WHAT TO PRODUCE →
The entries are to be reproduced verbatim, and their pictures left out.

(Data records)
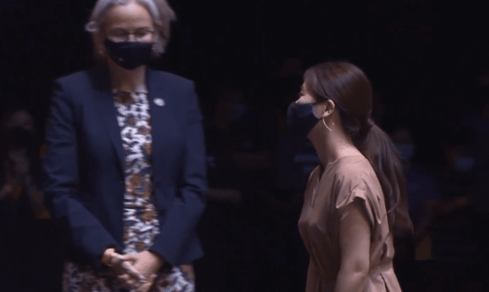 颁奖仪式上,刘国梁和福原爱颁奖,其中女单亚军王艺迪,福原爱上前颁奖。只见福原爱还是非常的端庄。作为中国乒乓球的老熟人,福原爱退役之后的生活变化也很大,这次来到新加坡担任颁奖嘉宾。
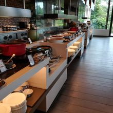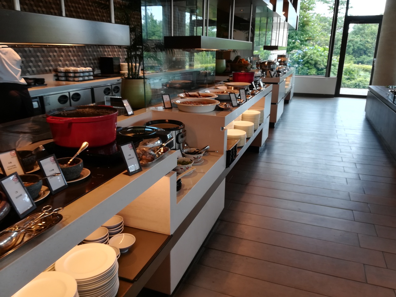 流石の素敵な内装のお店で、充実したサラダ、フルーツ、チーズ、点心、ソーセージやベーコンなどの肉類、干物、焼きたての卵料理、和の惣菜やマグロやアジ、ネギトロなどが自分で盛り付け出来る勝手丼を家族と戴けました。
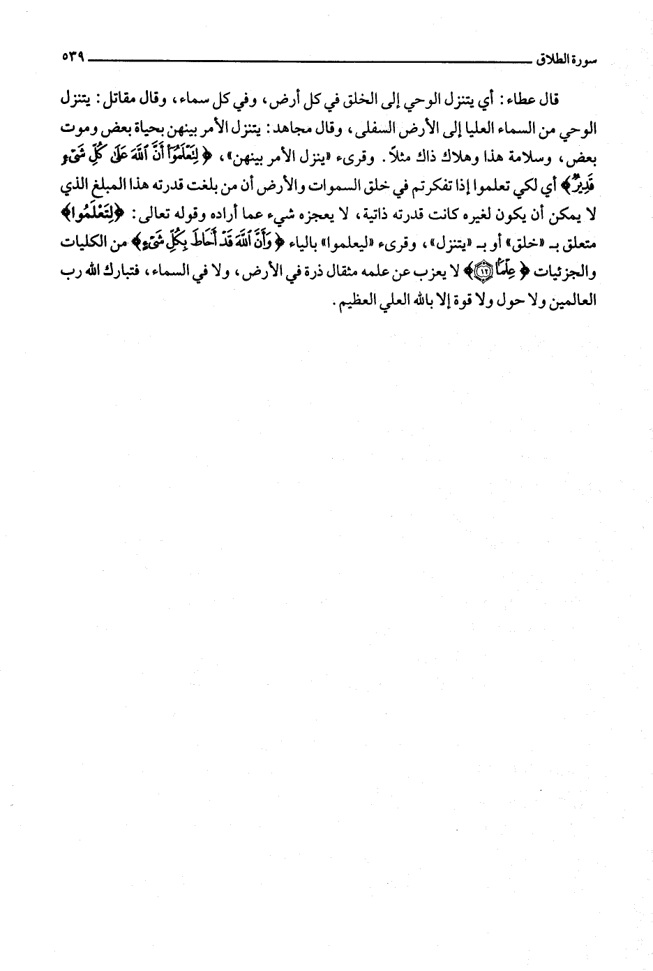 قال عطاء: أي يتنزل الوحي إلى الخلق في كل أرض، وفي كل سماء، وقال مقاتل: يتنزل الوحي من السماء العليا إلى الأرض السفلى، وقال مجاهد: يتنزل الأمر بينهن بحياة بعض وموت بعض، وسلامة هذا وهلاك ذاك مثلا. وقرئ «ينزل الأمر بينهن» ، لِتَعْلَمُوا أَنَّ اللَّهَ عَلى كُلِّ شَيْءٍ قَدِيرٌ أي لكي تعلموا إذا تفكرتم في خلق السموات والأرض أن من بلغت قدرته هذا المبلغ الذي لا يمكن أن يكون لغيره كانت قدرته ذاتية، لا يعجزه شيء عما أراده وقوله تعالى: لِتَعْلَمُوا متعلق ب «خلق» أو ب «يتنزل» ، وقرئ «ليعلموا» بالياء وَأَنَّ اللَّهَ قَدْ أَحاطَ بِكُلِّ شَيْءٍ من الكليات والجزئيات عِلْماً (12) لا يعزب عن علمه مثقال ذرة في الأرض، ولا في السماء، فتبارك الله رب العالمين ولا حول ولا قوة إلا بالله العلي العظيم.
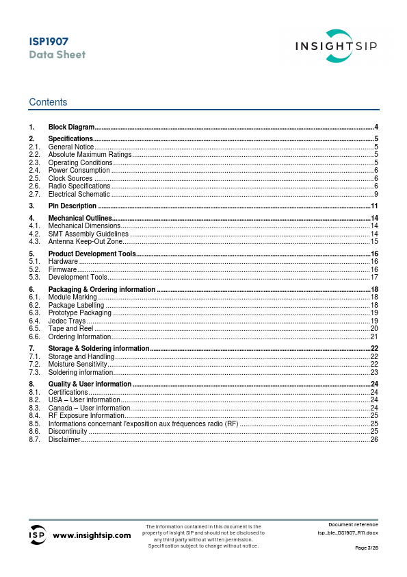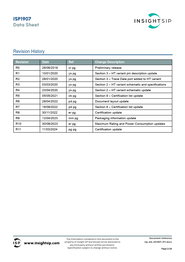 Preliminary release Section 3 HT variant pin description update Section 3 Trace Data port added to HT variant Section 2 HT variant schematic and specifications Section 2 HT variant schematic update Section 8 Certification list update Document layout update Section 8 Certification list update Certification update Packaging information update Maximum Rating and Power Consumption updates Certification update www.insightsip.com The inform
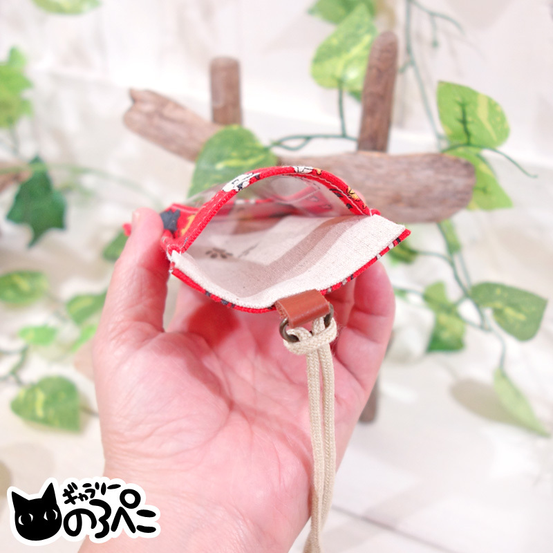 外側は洗濯ものみたいに干されちゃった猫ちゃんたちの赤色コットンリネン生地。

SOLUTION TO THIS TASK →
 颁奖仪式上,刘国梁和福原爱颁奖,其中女单亚军王艺迪,福原爱上前颁奖。只见福原爱还是非常的端庄。作为中国乒乓球的老熟人,福原爱退役之后的生活变化也很大,这次来到新加坡担任颁奖嘉宾。
 流石の素敵な内装のお店で、充実したサラダ、フルーツ、チーズ、点心、ソーセージやベーコンなどの肉類、干物、焼きたての卵料理、和の惣菜やマグロやアジ、ネギトロなどが自分で盛り付け出来る勝手丼を家族と戴けました。
 قال عطاء: أي يتنزل الوحي إلى الخلق في كل أرض، وفي كل سماء، وقال مقاتل: يتنزل الوحي من السماء العليا إلى الأرض السفلى، وقال مجاهد: يتنزل الأمر بينهن بحياة بعض وموت بعض، وسلامة هذا وهلاك ذاك مثلا. وقرئ «ينزل الأمر بينهن» ، لِتَعْلَمُوا أَنَّ اللَّهَ عَلى كُلِّ شَيْءٍ قَدِيرٌ أي لكي تعلموا إذا تفكرتم في خلق السموات والأرض أن من بلغت قدرته هذا المبلغ الذي لا يمكن أن يكون لغيره كانت قدرته ذاتية، لا يعجزه شيء عما أراده وقوله تعالى: لِتَعْلَمُوا متعلق ب «خلق» أو ب «يتنزل» ، وقرئ «ليعلموا» بالياء وَأَنَّ اللَّهَ قَدْ أَحاطَ بِكُلِّ شَيْءٍ من الكليات والجزئيات عِلْماً (12) لا يعزب عن علمه مثقال ذرة في الأرض، ولا في السماء، فتبارك الله رب العالمين ولا حول ولا قوة إلا بالله العلي العظيم.
 Preliminary release Section 3 HT variant pin description update Section 3 Trace Data port added to HT variant Section 2 HT variant schematic and specifications Section 2 HT variant schematic update Section 8 Certification list update Document layout update Section 8 Certification list update Certification update Packaging information update Maximum Rating and Power Consumption updates Certification update www.insightsip.com The inform
 外側は洗濯ものみたいに干されちゃった猫ちゃんたちの赤色コットンリネン生地。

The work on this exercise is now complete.